GENERAL CHARACTERISTICS
Ancylostoma braziliense and Anycylostoma caninum are common hookworms of dogs and cats. The parasites penetrate the skin and cause cutaneous larva migrans (CLM), also referred to as creeping eruption.
EPIDEMIOLOGY
The organisms are found in warm climates within the Southeastern United States. Dogs and cats are the natural definitive host for Ancylostoma spp. The infective larvae penetrate the skin of the host and migrate in the circulation. The adult worms reside in the intestine. The eggs are shed in the feces of dogs and cats. The eggs undergo maturation in moist, sandy soil in areas protected from desiccation, such as under shady trees and houses.
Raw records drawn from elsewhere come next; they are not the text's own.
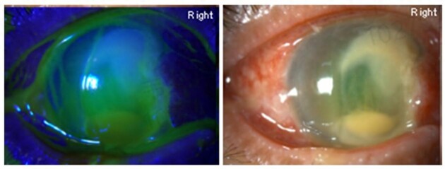 李阿姨焦急万分,在多方打听下,来到南宁爱尔眼科医院就诊。经检查,李阿姨的右眼诊断为“右眼细菌性角膜溃疡”,看到“溃烂”的右眼,李阿姨立马急切询问是否需要做角膜移植手术?
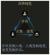 兵种相克也很重要,每次出战前如果安排好兵种相克,则事半功倍。兵种相克原理:火炮克坦克,坦克克步兵,步兵克火炮。一般来讲步兵防御较高,火炮攻击较高,坦克攻守兼备。如图所示:
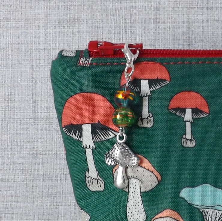 All the fabric has been backed with interfacing to give body to the bag, and there is a zip closure on the top with a mushroom & bead charm on the zipper pull.
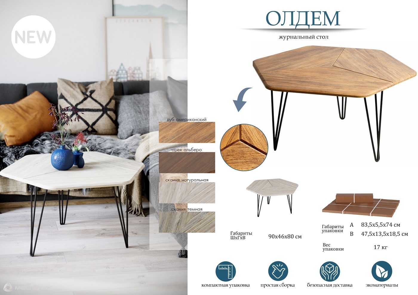 Журнальный стол Мебелик Олдем, 90х80х46 см
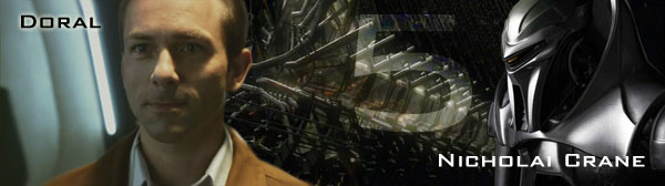 Nicholai Crane was discovered to be a Cylon when a poisoning incident placed him in a position to attempt the murder of Commander Darius and Captain Furyk. Whilst being held in Myriad's brig, the air system was sabotaged and he suffocated. He resurrected on board a near by Basestar. He re-joined the Myriad and its fleet again with the Battlestar Charybdis.
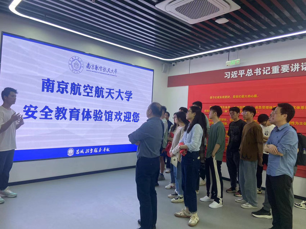 南京航空航天大学安全教育体验馆位于占地面积近1000平方米,由序厅、国家安全厅、消防安全厅、实验室安全厅、公共安全厅、尾厅组成。体验馆以总体国家安全观为指导,以“大安全”理念文化建设为核心,以互动体验为特色,展现了国家安全、保密安全、消防安全、实验室安全、防范电信网络诈骗、公共卫生、禁毒宣教、反恐防暴、交通安全等教育内容,内容涵盖了师生日常生活中常见的安全知识要点。
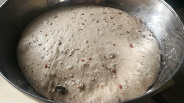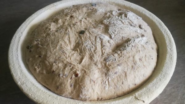 - Den Teig insgesamt 16–17 Stunden stehen lassen. Wenn er gut aufgegangen ist, dann wirken und im Garkörbchen 45–60 Minuten gehen lassen.
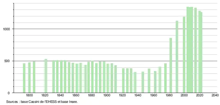 L'évolution du nombre d'habitants est connue à travers les recensements de la population effectués dans la commune depuis 1793. Pour les communes de moins de 10 000 habitants, une enquête de recensement portant sur toute la population est réalisée tous les cinq ans, les populations légales des années intermédiaires étant quant à elles estimées par interpolation ou extrapolation[32]. Pour la commune, le premier recensement exhaustif entrant dans le cadre du nouveau dispositif a été réalisé en 2004[33].
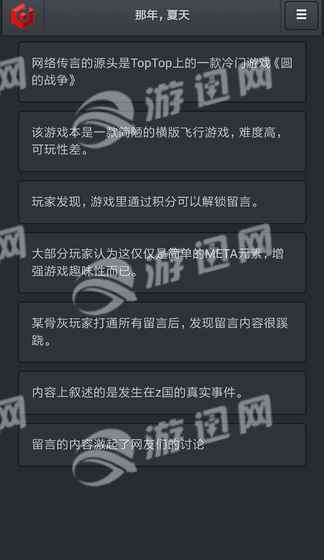 记者调查那年夏天是一款文字向的手游,在游戏中你是一位记者,你需要去调查一件很神秘的事情,随着剧情的发展你会遇到很多的选择,依靠自己的智慧,发现隐藏的真相,多线路选择,合理的处理每个遇到的事情,谨慎冒险,面对重重线索,你会怎么选择呢。
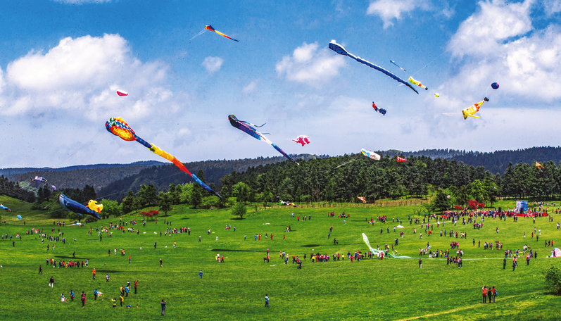 ▲在仙女山森林公園大草原上舉辦的風(fēng)箏節(jié)活動
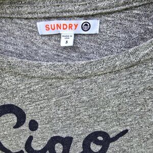 Lot of three Sundry tees size 3 or Large. In good used condition. One short sleeved grey "Malibu Southampton Cannes" , one short sleeved green "feelin' fine" embroidered, and one long sleeved grey "Ciao Bella". All measure 20" pit to pit lying flat. Price is for all three.
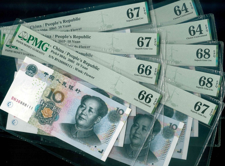 2005 中國人民銀行 $10 PMG 64-68 EPQ 編號:BN36888111-9000(共9張,含雙豹/豹子步步高)
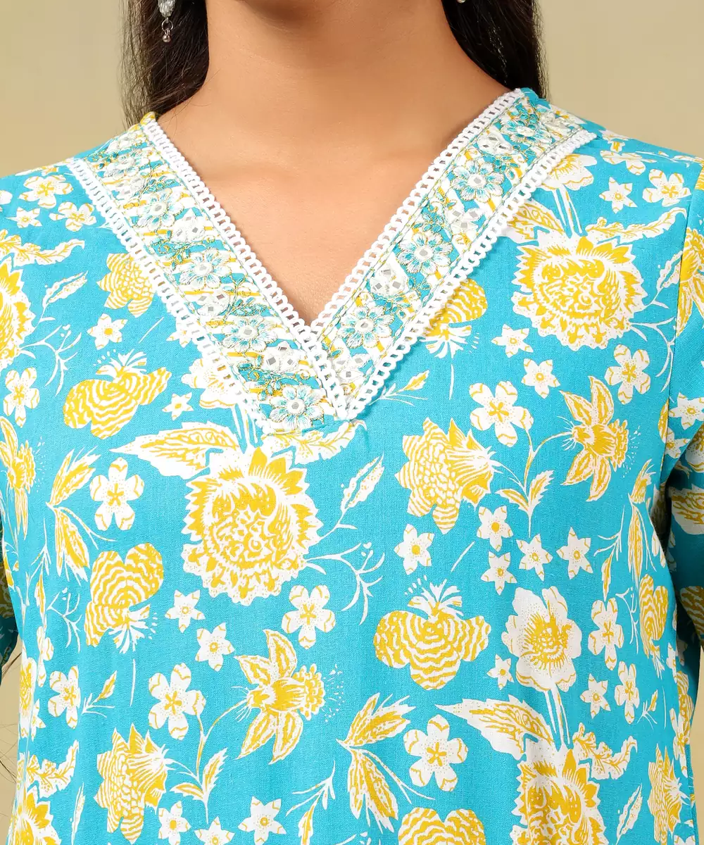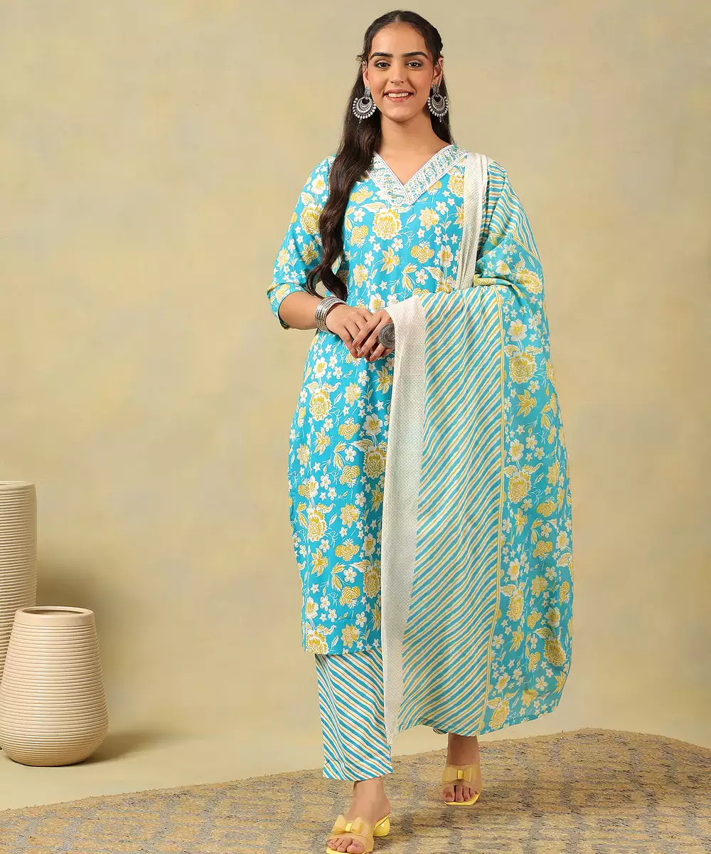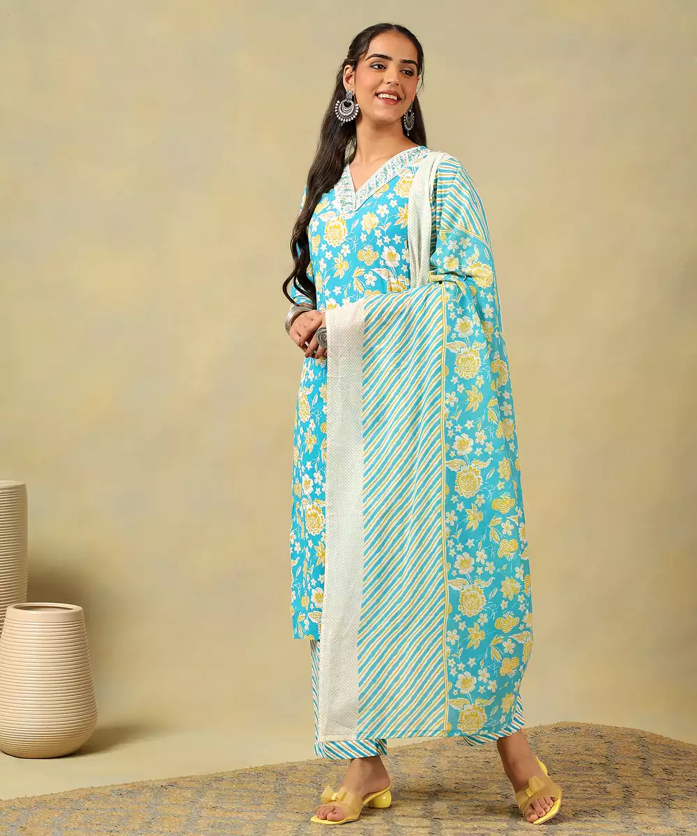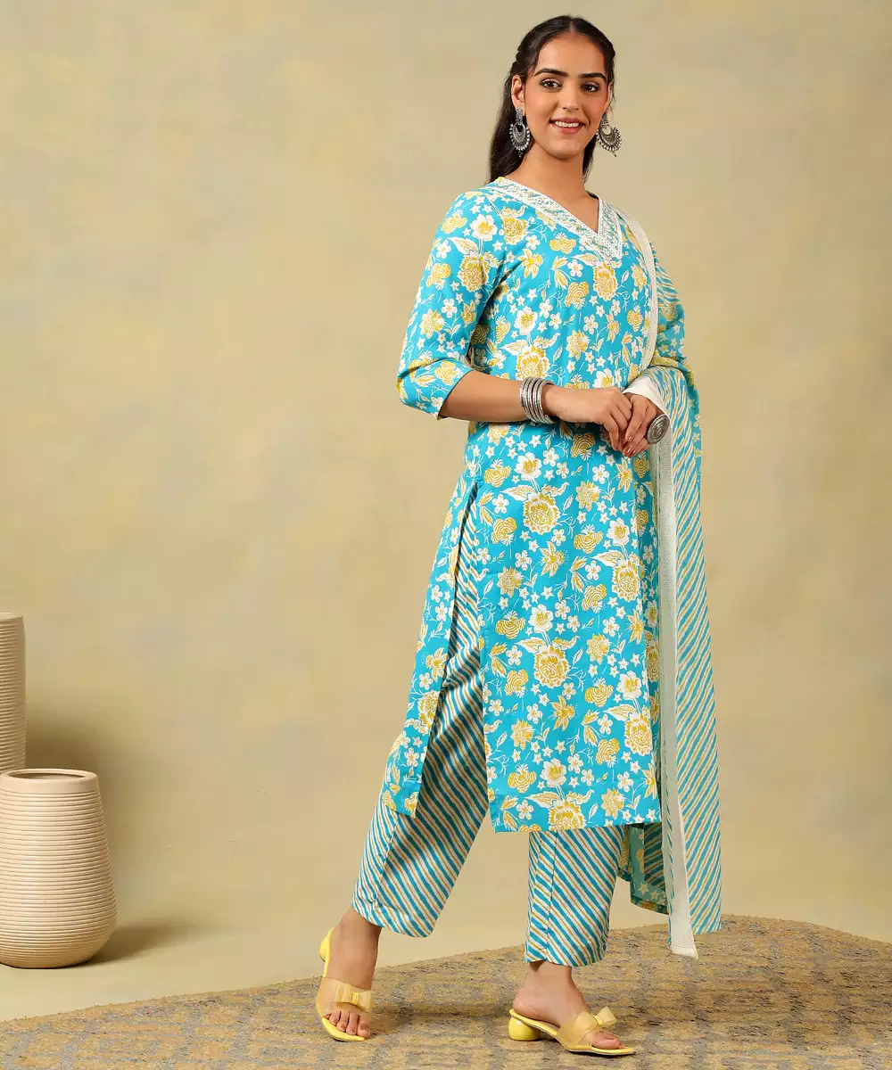 Brighten Your Festive Wardrobe With The Myra Set, Featuring A Radiant Turquoise And Yellow Floral Vine Usp. This Vibrant Ensemble Showcases A Turquoise Kurta Blooming With Sunny Yellow And Crisp White Floral Motifs. The Design Is Beautifully Detailed With A White Embroidered V Neckline Border That Adds A Touch Of Classic Refinement To The Straight Cut Silhouette. It Is Paired With Coordinating Trousers And A Lightweight Dupatta, Both Featuring A Modern Diagonal Stripe Pattern That Perfectly Balances The Botanical Print.

Children are often infected when playing in sandboxes that have been contaminated with dog and cat feces.
PATHOGENESIS AND SPECTRUM OF DISEASE
The infective larvae penetrate the skin of the human host and migrate through the subcutaneous tissue. The host develops pruritic papules at the site of penetration, followed by serpiginous, vesicular, elevated linear tracks. The larvae will migrate several millimeters each day, forming these continued tracks. The area surrounding the tracks becomes inflamed with marked edema. The patient may present with a peripheral eosinophilia. Infection is typically self-limiting. As the larvae migrate, the host may scratch and scar the tissue, subjecting the host to potential secondary bacterial infections. The signs and symptoms resemble those of infection with similar insect larvae, Strongyloides stercoralis, and other animal hookworms.
Systemic involvement is rare; however, cases of pneumonitis resulting from larvae migration into the lungs have been identified. In addition, gastrointestinal discomfort including abdominal pain, diarrhea, and weight loss has been associated with Ancylostoma spp. infections. This condition is referred to as eosinophilic enteritis.
See Table 1 for a summarized detail of associated diseases.

Table1. Pathogenesis and Spectrum of Associated Diseases
LABORATORY DIAGNOSIS
Laboratory diagnosis is limited. Evidence of visible tracks and patient history of possible exposure are usually sufficient. The patient may present with a peripheral eosinophilia. In systemic cases, larvae may be recovered from sputum and Charcot-Leyden crystals may be evident.
THERAPY
Anthelmintic therapy may include ivermectin or thiabendazole.